INPUT RECORDS
^^^^^^^^^^^^^^^^
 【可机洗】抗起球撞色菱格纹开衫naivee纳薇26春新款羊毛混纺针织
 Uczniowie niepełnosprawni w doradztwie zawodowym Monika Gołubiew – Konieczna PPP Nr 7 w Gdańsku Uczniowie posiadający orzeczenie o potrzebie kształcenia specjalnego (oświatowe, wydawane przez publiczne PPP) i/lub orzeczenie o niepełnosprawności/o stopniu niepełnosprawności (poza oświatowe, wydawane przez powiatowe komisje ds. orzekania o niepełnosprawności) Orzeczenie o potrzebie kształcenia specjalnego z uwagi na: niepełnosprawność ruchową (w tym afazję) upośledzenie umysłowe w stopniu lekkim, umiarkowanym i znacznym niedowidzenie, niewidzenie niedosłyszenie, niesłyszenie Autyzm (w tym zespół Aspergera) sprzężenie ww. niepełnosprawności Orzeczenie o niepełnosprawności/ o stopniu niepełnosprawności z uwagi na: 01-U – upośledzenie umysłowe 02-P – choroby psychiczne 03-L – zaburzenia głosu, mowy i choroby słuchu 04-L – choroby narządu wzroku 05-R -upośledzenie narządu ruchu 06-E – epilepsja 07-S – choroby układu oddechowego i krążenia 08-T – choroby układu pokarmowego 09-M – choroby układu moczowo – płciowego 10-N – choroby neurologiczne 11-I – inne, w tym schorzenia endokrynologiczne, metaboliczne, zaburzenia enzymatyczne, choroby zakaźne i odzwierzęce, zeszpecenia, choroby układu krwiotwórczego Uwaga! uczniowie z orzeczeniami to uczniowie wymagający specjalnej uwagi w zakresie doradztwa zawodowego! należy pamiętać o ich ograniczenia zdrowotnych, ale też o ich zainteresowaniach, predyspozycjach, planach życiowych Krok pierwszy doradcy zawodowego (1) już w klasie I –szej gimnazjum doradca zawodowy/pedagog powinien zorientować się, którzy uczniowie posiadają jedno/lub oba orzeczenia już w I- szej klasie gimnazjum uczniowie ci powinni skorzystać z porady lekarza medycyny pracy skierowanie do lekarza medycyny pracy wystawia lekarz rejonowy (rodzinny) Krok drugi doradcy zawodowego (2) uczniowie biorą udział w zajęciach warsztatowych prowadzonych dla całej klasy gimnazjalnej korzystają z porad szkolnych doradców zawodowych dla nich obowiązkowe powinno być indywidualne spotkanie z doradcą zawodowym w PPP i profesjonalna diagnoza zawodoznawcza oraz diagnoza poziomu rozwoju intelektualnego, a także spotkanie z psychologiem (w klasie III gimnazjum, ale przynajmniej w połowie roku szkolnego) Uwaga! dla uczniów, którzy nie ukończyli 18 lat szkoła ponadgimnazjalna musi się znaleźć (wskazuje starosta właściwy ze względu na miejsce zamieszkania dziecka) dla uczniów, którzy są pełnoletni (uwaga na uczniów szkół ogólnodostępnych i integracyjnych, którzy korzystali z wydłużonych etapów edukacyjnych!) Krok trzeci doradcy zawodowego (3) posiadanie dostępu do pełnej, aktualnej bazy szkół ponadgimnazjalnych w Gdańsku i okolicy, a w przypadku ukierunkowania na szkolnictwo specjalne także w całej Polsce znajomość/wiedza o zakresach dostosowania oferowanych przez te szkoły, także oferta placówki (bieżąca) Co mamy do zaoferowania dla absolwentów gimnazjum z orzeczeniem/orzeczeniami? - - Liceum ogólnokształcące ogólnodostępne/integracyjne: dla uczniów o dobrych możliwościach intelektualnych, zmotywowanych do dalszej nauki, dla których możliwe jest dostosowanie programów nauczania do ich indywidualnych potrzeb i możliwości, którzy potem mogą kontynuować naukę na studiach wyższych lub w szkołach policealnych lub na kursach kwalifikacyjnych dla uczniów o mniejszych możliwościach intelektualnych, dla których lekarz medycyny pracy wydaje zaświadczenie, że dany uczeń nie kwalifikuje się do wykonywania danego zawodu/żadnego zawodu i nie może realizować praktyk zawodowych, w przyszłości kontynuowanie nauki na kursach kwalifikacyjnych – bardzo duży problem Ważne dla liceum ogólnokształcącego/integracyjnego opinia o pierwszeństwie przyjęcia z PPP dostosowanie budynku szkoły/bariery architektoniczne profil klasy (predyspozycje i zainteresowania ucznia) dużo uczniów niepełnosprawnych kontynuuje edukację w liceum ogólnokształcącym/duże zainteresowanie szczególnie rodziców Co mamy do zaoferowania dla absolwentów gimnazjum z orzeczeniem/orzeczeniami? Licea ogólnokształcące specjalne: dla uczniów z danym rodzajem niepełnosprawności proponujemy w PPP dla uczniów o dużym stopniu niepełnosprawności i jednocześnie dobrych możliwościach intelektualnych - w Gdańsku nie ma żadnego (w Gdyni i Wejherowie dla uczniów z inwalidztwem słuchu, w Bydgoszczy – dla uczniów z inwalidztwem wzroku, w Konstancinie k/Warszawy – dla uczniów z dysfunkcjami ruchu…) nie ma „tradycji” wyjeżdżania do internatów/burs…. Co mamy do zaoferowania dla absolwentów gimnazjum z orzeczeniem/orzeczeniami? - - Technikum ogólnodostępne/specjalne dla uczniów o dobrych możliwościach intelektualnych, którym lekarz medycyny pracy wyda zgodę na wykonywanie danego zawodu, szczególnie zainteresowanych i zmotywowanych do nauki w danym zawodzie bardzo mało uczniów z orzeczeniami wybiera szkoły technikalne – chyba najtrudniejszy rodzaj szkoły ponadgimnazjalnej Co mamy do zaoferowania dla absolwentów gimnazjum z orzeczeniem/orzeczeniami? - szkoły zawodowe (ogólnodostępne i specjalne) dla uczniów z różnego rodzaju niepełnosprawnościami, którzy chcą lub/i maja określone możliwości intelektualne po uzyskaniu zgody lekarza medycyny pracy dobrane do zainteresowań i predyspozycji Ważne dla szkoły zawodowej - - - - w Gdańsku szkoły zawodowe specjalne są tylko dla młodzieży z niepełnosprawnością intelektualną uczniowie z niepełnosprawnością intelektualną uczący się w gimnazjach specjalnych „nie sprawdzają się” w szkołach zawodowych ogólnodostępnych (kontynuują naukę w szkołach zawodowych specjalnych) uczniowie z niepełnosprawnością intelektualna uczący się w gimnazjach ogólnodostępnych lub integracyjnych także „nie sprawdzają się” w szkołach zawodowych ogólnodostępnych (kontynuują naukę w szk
^^^^^^^^^^^^^^^^
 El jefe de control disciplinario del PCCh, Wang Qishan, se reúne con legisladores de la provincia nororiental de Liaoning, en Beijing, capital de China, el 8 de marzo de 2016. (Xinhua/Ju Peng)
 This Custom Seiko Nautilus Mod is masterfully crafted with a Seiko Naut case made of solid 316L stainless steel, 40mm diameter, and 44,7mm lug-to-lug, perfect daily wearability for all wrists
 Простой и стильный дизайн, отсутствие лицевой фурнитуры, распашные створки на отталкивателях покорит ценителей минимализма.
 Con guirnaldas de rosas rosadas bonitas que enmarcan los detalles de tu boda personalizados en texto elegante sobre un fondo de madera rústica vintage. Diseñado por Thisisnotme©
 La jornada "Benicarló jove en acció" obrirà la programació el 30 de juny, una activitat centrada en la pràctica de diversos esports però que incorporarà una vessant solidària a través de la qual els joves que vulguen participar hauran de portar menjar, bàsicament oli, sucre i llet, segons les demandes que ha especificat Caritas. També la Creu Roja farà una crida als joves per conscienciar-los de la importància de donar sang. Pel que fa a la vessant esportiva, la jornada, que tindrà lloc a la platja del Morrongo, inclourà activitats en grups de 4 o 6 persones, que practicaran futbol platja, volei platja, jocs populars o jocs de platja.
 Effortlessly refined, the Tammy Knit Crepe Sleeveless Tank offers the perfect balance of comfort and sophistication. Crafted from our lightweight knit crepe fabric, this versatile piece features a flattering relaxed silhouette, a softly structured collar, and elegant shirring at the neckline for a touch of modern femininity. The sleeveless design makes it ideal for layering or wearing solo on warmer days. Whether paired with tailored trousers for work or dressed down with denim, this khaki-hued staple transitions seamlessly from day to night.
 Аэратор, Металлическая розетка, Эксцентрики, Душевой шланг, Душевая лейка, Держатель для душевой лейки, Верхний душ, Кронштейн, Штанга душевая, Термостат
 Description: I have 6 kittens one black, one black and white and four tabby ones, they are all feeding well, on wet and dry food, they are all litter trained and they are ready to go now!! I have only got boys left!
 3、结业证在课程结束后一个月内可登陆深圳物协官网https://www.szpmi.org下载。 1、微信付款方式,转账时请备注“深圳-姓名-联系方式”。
^^^^^^^^^^^^^^^^
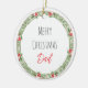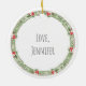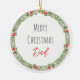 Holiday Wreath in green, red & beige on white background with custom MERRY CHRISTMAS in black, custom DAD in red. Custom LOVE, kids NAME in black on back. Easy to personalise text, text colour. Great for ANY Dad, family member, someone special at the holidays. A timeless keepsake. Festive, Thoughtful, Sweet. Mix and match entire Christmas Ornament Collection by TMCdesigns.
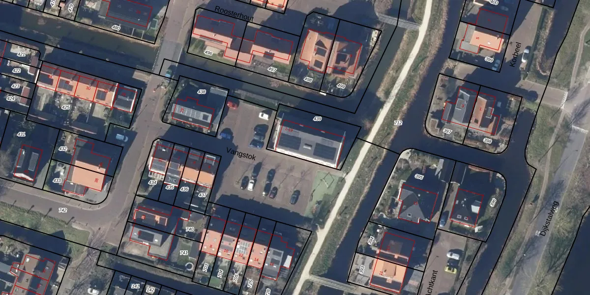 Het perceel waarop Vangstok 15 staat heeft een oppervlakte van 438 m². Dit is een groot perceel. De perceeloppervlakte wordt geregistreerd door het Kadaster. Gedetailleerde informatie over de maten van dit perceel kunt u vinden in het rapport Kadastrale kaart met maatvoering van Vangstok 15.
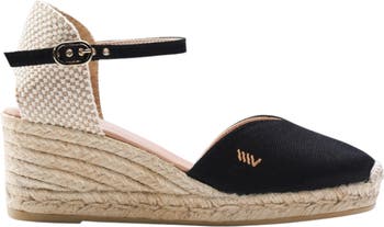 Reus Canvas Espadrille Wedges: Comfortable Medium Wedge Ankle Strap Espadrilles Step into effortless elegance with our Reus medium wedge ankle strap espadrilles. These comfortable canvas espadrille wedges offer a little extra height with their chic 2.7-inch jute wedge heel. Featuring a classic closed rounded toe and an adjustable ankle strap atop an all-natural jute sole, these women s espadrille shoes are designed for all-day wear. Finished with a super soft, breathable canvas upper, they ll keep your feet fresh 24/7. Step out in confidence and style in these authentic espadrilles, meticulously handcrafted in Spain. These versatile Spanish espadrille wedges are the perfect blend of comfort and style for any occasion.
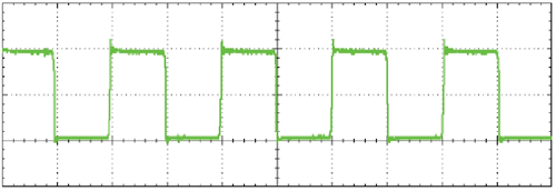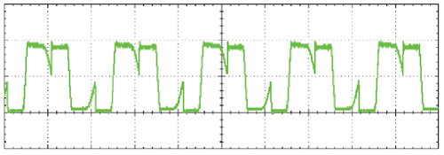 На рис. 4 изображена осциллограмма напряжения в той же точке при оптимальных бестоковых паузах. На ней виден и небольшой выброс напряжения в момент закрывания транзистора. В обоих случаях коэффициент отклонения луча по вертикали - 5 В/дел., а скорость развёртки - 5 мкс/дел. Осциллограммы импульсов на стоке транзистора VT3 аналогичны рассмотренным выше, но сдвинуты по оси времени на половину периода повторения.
^^^^^^^^^^^^^^^^
WHAT YOU HAVE TO DO
Within the data above, the lines from the one with "Простой и стильный" to the one with "Con guirnaldas de" must be repeated exactly; no other line belongs in the answer.

RESPONSE TO THE TASK
 Простой и стильный дизайн, отсутствие лицевой фурнитуры, распашные створки на отталкивателях покорит ценителей минимализма.
 Con guirnaldas de rosas rosadas bonitas que enmarcan los detalles de tu boda personalizados en texto elegante sobre un fondo de madera rústica vintage. Diseñado por Thisisnotme©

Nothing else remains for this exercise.